Benimle Zaman Geçirmek İstemiyor
Sevdiğiniz erkekle birlikte yaşıyorsunuz ama, artık eski güzel günlerdeki gibi sinemaya gitmiyor, yemeğe çıkmıyor hatta yürüyüş bile yapmıyorsunuz… Acaba bunun sebebi zamansızlık mı yoksa ortada gerçekten bir sorun mu var?
Eğer uzun süreli bir ilişkinin içindeyseniz, ilişkiniz bir düzene oturmuş ve bunun sonucu olarak da biraz monotonlaşmış olabilir. Sorumluluklar paylaşılmış, güzellikler yaşanmış, kavgalar edilmiş, iki taraf da birbirini yeterince tanımış, yani her şey rayına oturmuştur. Siz bu düzenli yaşamın ortasında iş, ev hayatı, sevdiğiniz erkek ve sosyal yaşamınız arasında olabildiğince iyi bir denge kurduğunuzu düşünürken birdenbire ilişkinizde bir şeylerin sizi rahatsız ettiğini fark ediyosunuz!
Hayatınızın erkeği son zamanlarda neredeyse hayatınızdan çıkmış durumda… Bu çelişkili durum size tuhaf geliyor ve ilişkinizin bu noktaya nasıl geldiğini düşünmeye başlıyorsunuz. Bu noktada iki olasılık var: İlki zamansızlık, yoğun iş temposu, yorgunluk gibi ikinizin de elinde olmayan bazı sebeplerin görüşmenize engel olması… Bunu fark ettiğinizde onunla konuşarak, birbirinize daha fazla zaman ayırmak için daha fazla çaba sarfedebilirsiniz. İkinci olasılık ise; birinciye göre daha ciddi ele alınması gereken bir sorun: Sevdiğiniz adamın artık sizinle zaman geçirmek istemediğini hissediyorsunuz. Üstelik yaptığınız gözlemler de bu hissi doğruluyor. Birlikte hiçbir şey yapmıyorsunuz. Mesela; eski güzel günlerdeki gibi sinemaya, yemeğe, hatta yürüyüşe bile çıkmıyorsunuz. Çünkü o, sizinle vakit geçirmemek için elinden geleni yapıyor. Üstelik bu noktada aynı evde yaşamanız işleri kolaylaştırmak bir yana çok daha zorlaştırıyor. Çünkü aynı evin içinde sizden çok daha rahat kaçabiliyor. Eğer ayrı yaşasaydınız iki tarafın da görüşmek için özel bir çaba göstermesi gerekecek ve tabii bu çabayı göstermeyen taraf, hemen göze batacaktı.
Bu durum size katlanılmaz gelebilir.

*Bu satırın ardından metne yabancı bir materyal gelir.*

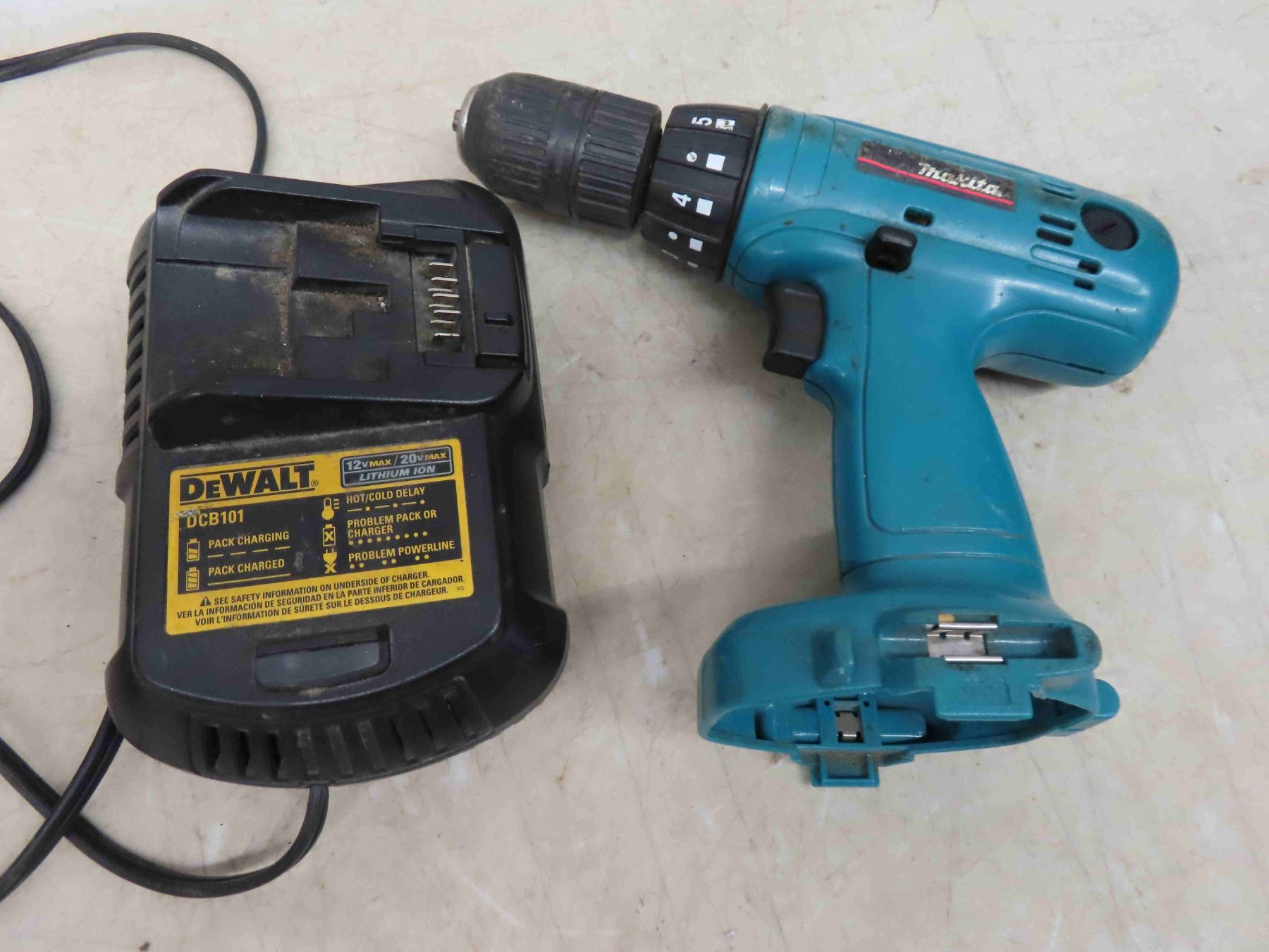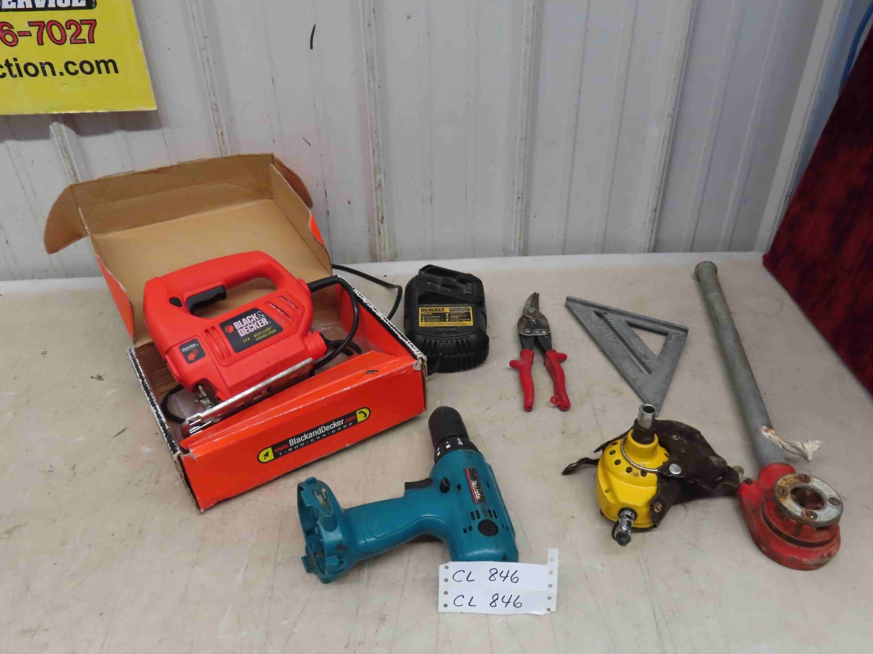 1/2'' Pipe Threader, Black and Decker Power Jig Saw, Air Palm Nailer, Dewalt Charger 12-20V , Cordless Makita Drill No Battery or Charger, Tin Snips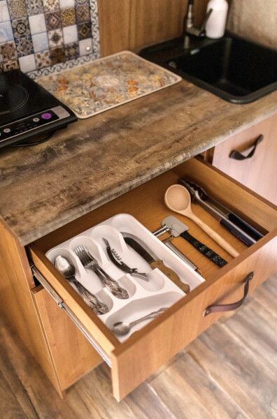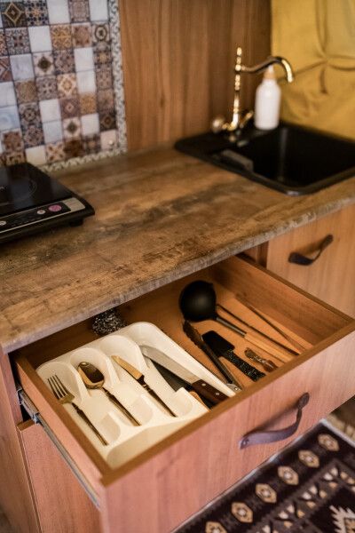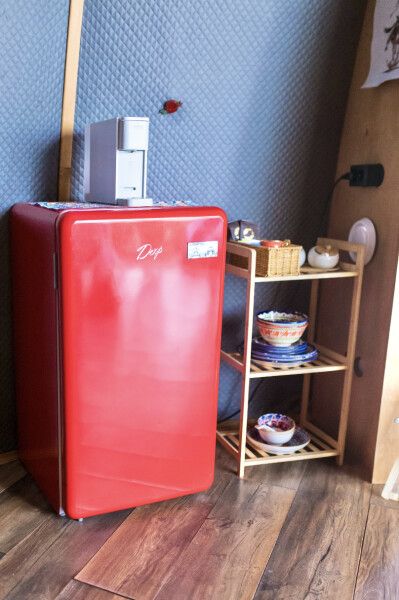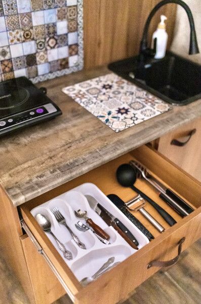 В каждом домике своя мини кухня: плита, холодильник, электрический чайник+ чайные пакетики, капсульная кофе машина + капсулы, вся необходимая кухонная утварь (чашки, тарелки, ложки, сковорода, кастрюля и т.д.).

Ne de olsa o, hayatta en çok değer verdiğiniz insan ve sizden vebalıymış gibi kaçması, üstelik de bunu fark etmeyeceğinizi sanıp sizi aptal yerine koyması son derece can sıkıcı… Ama sinirlenip onun üzerine yürümek ya da kapıyı çarpıp evi terk etmek yerine, elinizden geldiğince sakin bir şekilde onu karşınıza alıp konuşmayı deneyin. Başlangıçta sizden kaçtığını büyük olasılıkla inkar edecektir, sakın böyle bir durum karşısında öfkeye kapılıp, bağırmaya başlamayın. Ona gözlemlerinizi ve duygularınızı aktarın, son günlerde aynı evin içinde birbirinizi adeta kaybettiğinizden, size baktığında aslında sizi görmediğini bildiğinizden söz edin; ama yumuşak ve sakin bir biçimde…
Ona kendini ifade etmesi ve neden sizden uzaklaştığını açıklaması için bir fırsat verin. Unutmayın ki, hiçbir erkek durup dururken, bir zamanlar deliler gibi sevdiği kadını atlatmaya çalışmaz. Sakın tamamen masum olduğunuzu iddia etmeye kalkmayın, çünkü sizden uzaklaşmışsa, sizde rahatsız olduğu bazı davranışlar ortaya çıkmış demektir. Onun söyleyecekleri doğrultusunda kendinize yeniden sorular sorun ve farkında olmadan yaptığınız hataları düzeltmeye çalışın. Çaba göstermeniz onu size tekrar yakınlaştıracak ve zamanla ilişkinizin düzelmesini sağlayacaktır.